Das war es dann auch. Und das ist nicht einmal mehr enttäuschend, da im Vorfeld ohnehin nicht mehr zu erwarten war von diesem Vertrag, den die Medien feierlich und staatstragend als „Freundschaftsvertrag“ bezeichnen.

Die Offenbarung

Nein, es ist eine Offenbarung. Denn beide Staatsoberhäupter und ihre Regierungen sind sich seelenverwandt darin, dass sie zwar gerne vom Klimaschutz als einem ihrer hehrsten Ziele sprechen. Doch konkret – wie auch in diesem Vertrag – wird es nur bei militärischer Verteidigung, polizeilicher Zusammenarbeit, bei der machtpolitischen Absicht zur Erarbeitung immer einheitlicher Positionen in der Europapolitik sowie bei einer Verpflichtung zur Vertiefung der Wirtschafts- und Währungsunion. Sogar die Zweisprachigkeit in den Grenzgebieten beider Länder, ein Bürgerfonds für kulturelle Partnerschaften und die gegenseitige Anerkennung von Schulabschlüssen stehen noch als konkrete Vereinbarungen fest. Immerhin darf das Kulturelle als ein Anliegen Macrons gelten. Noch 2017, frisch im Amt, sagte er auf der Frankfurter Buchmesse, durch Sprache, Übersetzungen und die Bücher sei der Dialog zwischen den beiden Ländern auch in Krisenzeiten ihrer nachbarschaftlichen Beziehung nie abgerissen. Als Erklärung verwies er indirekt auf die Kultur: In einem Europa, das nicht nur aus Demokratie, Marktwirtschaft und sozialer Gerechtigkeit bestehe, gelte: "Ohne Kultur kein Europa!"

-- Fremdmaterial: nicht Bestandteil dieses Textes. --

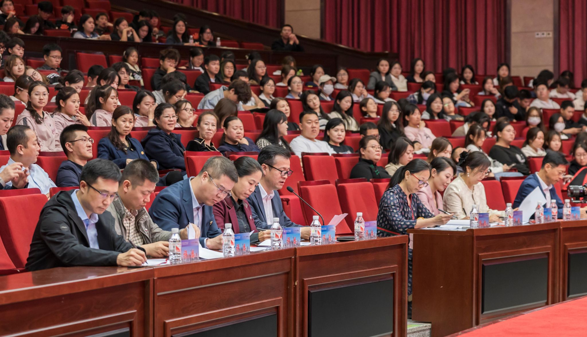决赛现场气氛浓郁,参赛教师的经典演绎,引领现场师生沉浸其中,或激情高涨,或神情凝重,或遐思飘然,时常出现掌声雷动、呐喊助威的场景。现场师生观众纷纷表示,这是一场别开生面的视听享受、受益匪浅。评委评分实行实名制,9名评委严格按照评分标准现场打分,评分过程设置合议环节,参赛教师得分为去掉一个最高分和一个最低分后的平均分,充分保障决赛严肃公平。最终评选出一等奖3名,二等奖6名,三等奖8名。

Die Offenbarung lautet aber: Militarisierung, polizeistaatliche Aufrüstung, die Beibehaltung des bisherigen wirtschafts- und finanzpolitischen Kurses mit wenig sozialpolitischen Haltelinien und etwas kulturelle Nachbarschaftspflege werden zum Kontinuum der deutsch-französischen Partnerschaft. Klimaschutz und Energiewende können da noch vorkommen, wo sie die anderen Ziele nicht stören.

Das ist aber dann wirklich enttäuschend: Beide Länder gehören zu den letzten verbliebenen Ländern in Europa, in denen starke Erneuerbare-Energien-Branchen gedeihen können – und die starke Märkte für die Energiewende mit vielen technisch spannenden Optionen für Sektorkopplungskonzepte oder beispielsweise neue Offshore-Windkraftkonzepte sind. Die historische Chance, die darin für die Entwicklung beider Länder steckt, ist der Politik hüben wie drüben offenbar nicht so wichtig. Oder sie traut sich nicht, sie wirklich wahrzunehmen – was auf dasselbe rauskommt: die jetzige Energiewende mit angezogener Handbremse wird fortgesetzt werden.